Once upon a time there were three little pigs. They went to see their bank manager. ‘We are a tripartite alliance of small independent bacon producers who are seeking empowerment as individual entrepreneurs,’ they told her. ‘We’d like to access suitable funding for materials relevant to ensuring our independent well being.’
The bank manager, Mrs W. Olf, snappily dressed all in pure new wool, happily lent them the dosh. ‘It’s a guaranteed investment,’ she grinned.
The first little pig, sorry, small independent bacon producer, constructed a sustainable dwelling from locally sourced straw. The second constructed a hutment from FSC certified wood with a zero carbon footprint. The third called B&Q and had bricks delivered.
‘What are you doing?’ iterated the former two parties of the first part.
‘I’m building a house, my porky little brothers,’ replied the latter, who had not participated in the regular vocabulary trainings facilitated by their HR department. ‘What does it look like?’
‘But there are no framework conditions for using this building material,’ exclaimed the first two. ‘There is no collective agreement for brick dwellings.’
‘I don’t do collective agreements,’ said their brother. ‘I’m a pig. And so are you.’
Notwithstanding this unexpected problem in the building area, at some point, Mrs W. Olf arrived and signalled her intention to reorganise the straw house and conduct a personal take-over of the occupier’s assets.
‘It’s Mrs Wolf!’ cried the first pig, running to his brother’s house. ‘Let me in!’
‘No, that’s Mrs W. Olf,’’ said the second little pig. ‘You’ll have to complete these forms, before I…’
But it was too late, Mrs Wolf had blown down the first house and was already coming up the garden path of the second.

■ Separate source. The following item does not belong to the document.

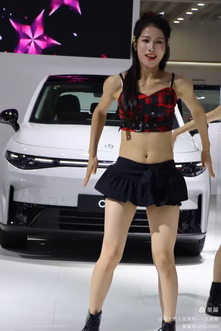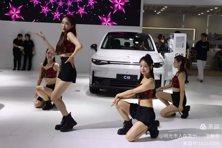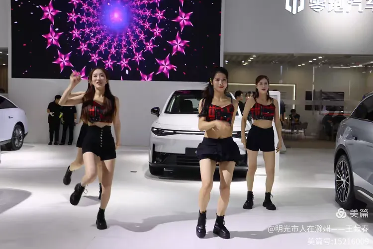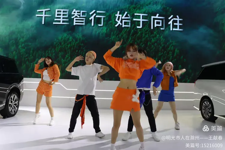 舞台中央,一群舞者正在表演,动作整齐有力,背景大屏写着“千里智行 始于向往”。两辆展车静静停在舞台两侧,像是这场演出的见证者。音乐激昂,灯光流转,我站在人群后,忽然觉得,这场车展不只是卖车,更是在讲述一种对未来的信念。

The two pigs exited through a back window, as Mrs Wolf blew down the second house.
‘‘Why didn’t you realise the possibility of making your house stronger?’ said the first pig.
‘I didn’t know there was going to be such a significant outcome,’ panted the second, as they both ran to the third pig’s sturdy brick house.
‘Facilitate our entry!’ they shouted at their brother. ‘Mrs Wolf wants to reorganise us into a suitable breakfast repast!’
But the third pig held the door tight. ‘You can only come in if you talk normally,’ he said.
The two brothers looked at each other in horrified amazement. ‘You mean, give up all the phrases that facilitate our ability to communicate indefinitely without ever having to – ’
‘I’m coming to gitcha, pigs!’ snarled the wolf, who was now at the gate.
‘But we’ve spent years consolidating our knowledge pathways,’ argued the first pig.
‘Let’s have an information event,’ said the second.
But just at that moment Mrs Wolf made one mighty bound and ate them both up. Just like that.
Which goes to show jargon will only take you so far, but a good wool suit is a killer outfit.
Picture courtesy of Wikipedia, Japan, via Creative Commons at: http://ja.wikipedia.org/wiki/%E4%B8%89%E5%8C%B9%E3%81%AE%E5%AD%90%E8%B1%9A
Fabulous story!
Thanks, Olga
Brilliant! 🙂
Thanks, Jools!
Stop everything!! This is the work of a true genius!! You must cease & desist all other forms of employment this instant!
*’fecking love’ button
Thank you Tara. I feel a warm glow. Although that might be because I’ve set fire to my trousers. Shame WP don’t have a ‘buy now’ button. Mind you, if I bought all your stuff and you bought all mine, we’d be back where we started.
Where we started? I’m not going there again. I got soaking wet, and my wallet was stolen.
At least you didn’t end up on a plane to Roumania with someone else’s passport.
You were the one who stole my passport?? Why were you dressed like a 70-year old dressage master??
That’s a bit cruel. It was my barrister’s wig. It once belonged to Captain Kidd. The other bits were my professional costume. He gave it to me one night in Belgravia, when I showed him how to… Oh my God! It’s a police raid, and I can’t find my luncheon vouchers….Wait, officer, I can explain everything.
😀
“Like” 🙂
Thanks!
It’s good. Made me smile. Do I need to say more?
No, I don’t think so – thanks for dropping by!
Brilliant! I can’t compete with that! I don’t have the where-withal to confabrulate a jargonic commentation – so I just make the jolly words up. It doesn’t work as well.
Yes, but think of the marvellosity of not having those words cluttering up your brain…
What a marvelustrous word marvellosity is! Seriously though, I couldn’t string any of that together. It is wonderlusterfully cleverousness incarnate. (And now I will stop).
Did you “Finnish” your work? asked the party of the first part, or are the little pigs- independent bacon producers- just a ploy to skive off again. Ms. W. Olf is gonna get you…
I know she is! Haven’t Finnished it all. Am on to an even worse one, now. As you can probably tell….
Tut tut, Elaine Canham. I’ll tell you what I tell J:
“You can go play outside after you Finnish your homework. That way you won’t have to worry about it later.”
Yes, miss. All right. I go and do it now.